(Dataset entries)
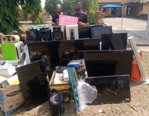 On January 20, 2025, police operatives apprehended two burglary suspects, Moses Godwin Ndiong and Abraham Godwill Eshiet, in Eket Local Government Area. Their arrest followed a complaint about a break-in at an apartment. The suspects were found with burglary tools, and stolen items recovered included several smart TVs, a generator, home appliances, an automobile, and valuable personal belongings.
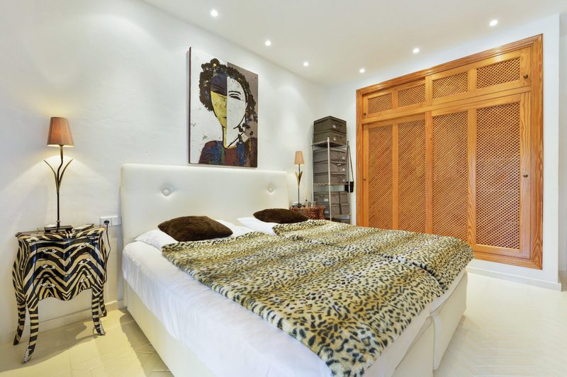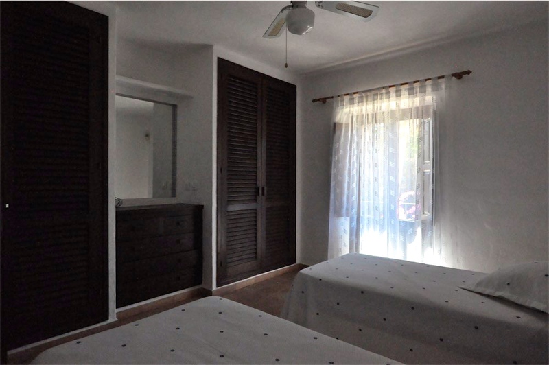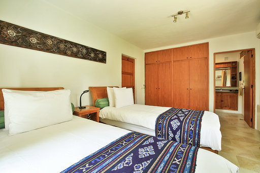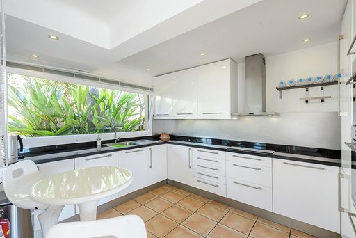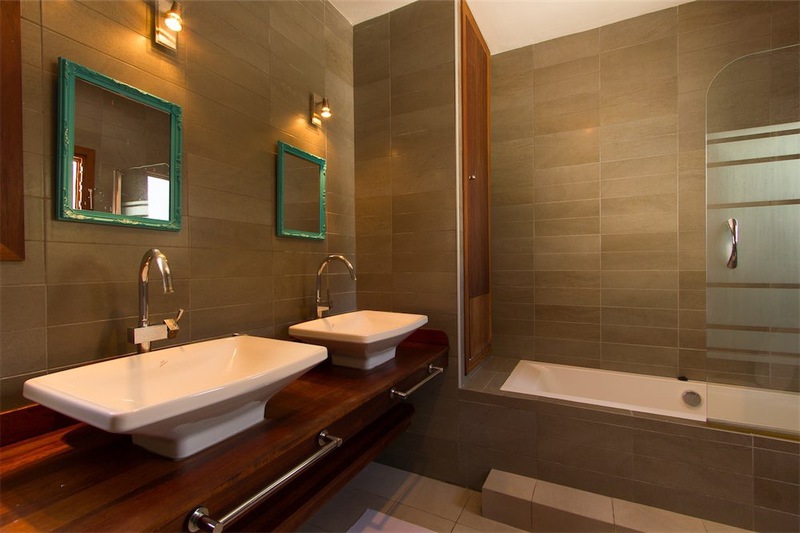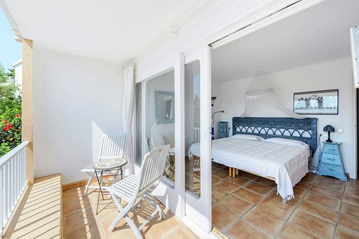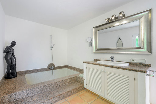 Die 2 Schlafzimmer im Erdgeschoss verfügen über grosse Bäder, eines davon en Suite, und haben Schiebetüren mit eigenem Zugang zum Poolbereich und eigenen Terrassen. Die dritte Schlafzimmersuite ist unabhängig und befindet sich unter der Poolterrasse und hat Zugang zum Pool.
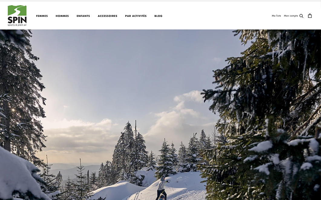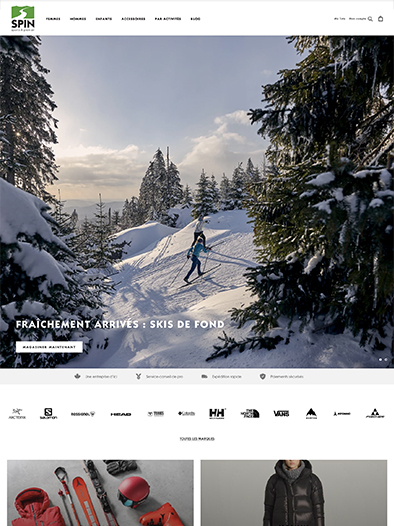 Un site est sous la plateforme Shopify, multiples catégories et large inventaire de produits.
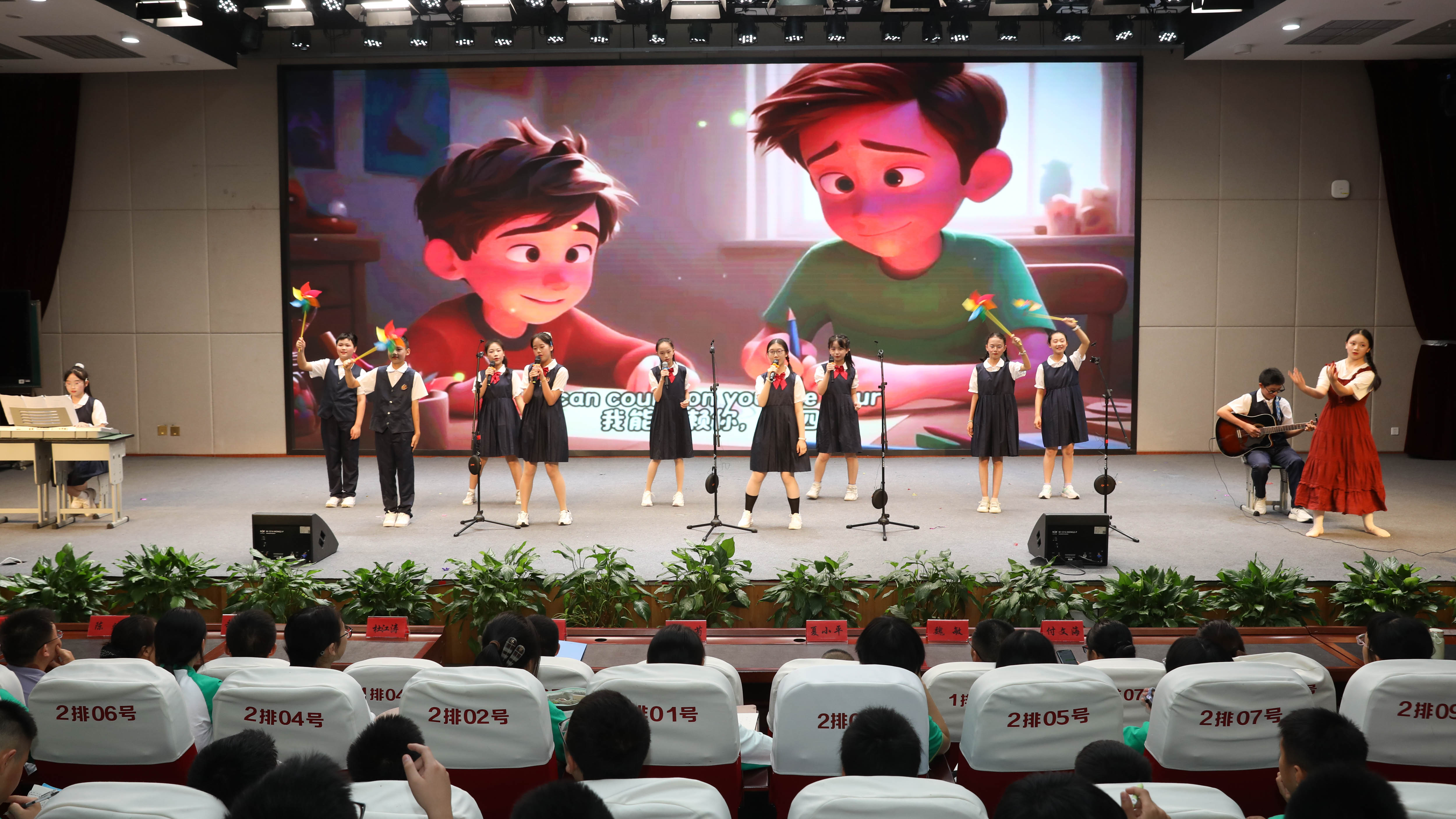 用歌聲點燃青春,用英語傳遞熱愛!初2024級“Voice of Youth,Melody of English”歌唱展演于2025年5月23日晚在玉蘭廳拉開帷幕!雙流中學黨委書記黃超,黨委副書記、副校長(主持行政工作)杜江濤,副校長張巧菊,德育安全處主任郝碧婭,德育安全處副主任何健、夏小平,黨政辦副主任付文海,藝體處副主任魏敏以及八年級評委老師出席本次活動。
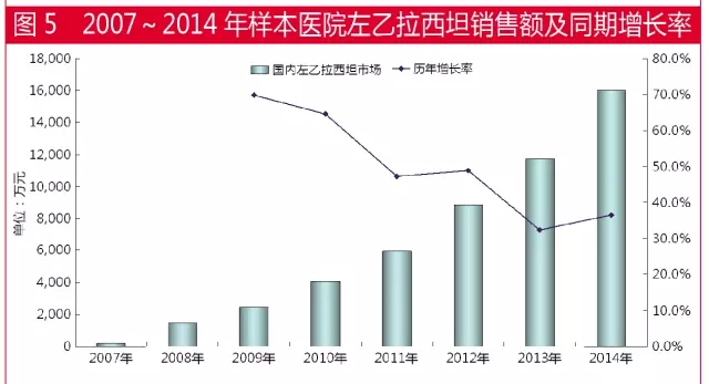 据国内22个城市样本医院数据,2007~2014年,左乙拉西坦一直保持较快增长速度。自2011年以来,该产品在抗癫痫类用药领域销售额已上升为第2位,复合增长率高达为36.5%。2005年,样本医院左乙拉西坦用药金额为178万元,2014年用药金额达1.6亿元,7年里整体市场增长了90倍。
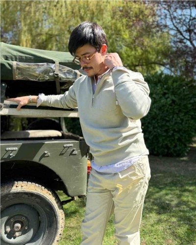 Pantalón ligero Edmmond Studios cintura elástica ajustable efecto deportivo color marrón claro en costura plano mezcla algodón 97% y 3% elastano

**What is needed:**
Set down, word for word, the line that holds "of Youth,Melody of" and all lines after it to the end of the entries above, but not the pictures.

**Task solution:**
 用歌聲點燃青春,用英語傳遞熱愛!初2024級“Voice of Youth,Melody of English”歌唱展演于2025年5月23日晚在玉蘭廳拉開帷幕!雙流中學黨委書記黃超,黨委副書記、副校長(主持行政工作)杜江濤,副校長張巧菊,德育安全處主任郝碧婭,德育安全處副主任何健、夏小平,黨政辦副主任付文海,藝體處副主任魏敏以及八年級評委老師出席本次活動。
 据国内22个城市样本医院数据,2007~2014年,左乙拉西坦一直保持较快增长速度。自2011年以来,该产品在抗癫痫类用药领域销售额已上升为第2位,复合增长率高达为36.5%。2005年,样本医院左乙拉西坦用药金额为178万元,2014年用药金额达1.6亿元,7年里整体市场增长了90倍。
 Pantalón ligero Edmmond Studios cintura elástica ajustable efecto deportivo color marrón claro en costura plano mezcla algodón 97% y 3% elastano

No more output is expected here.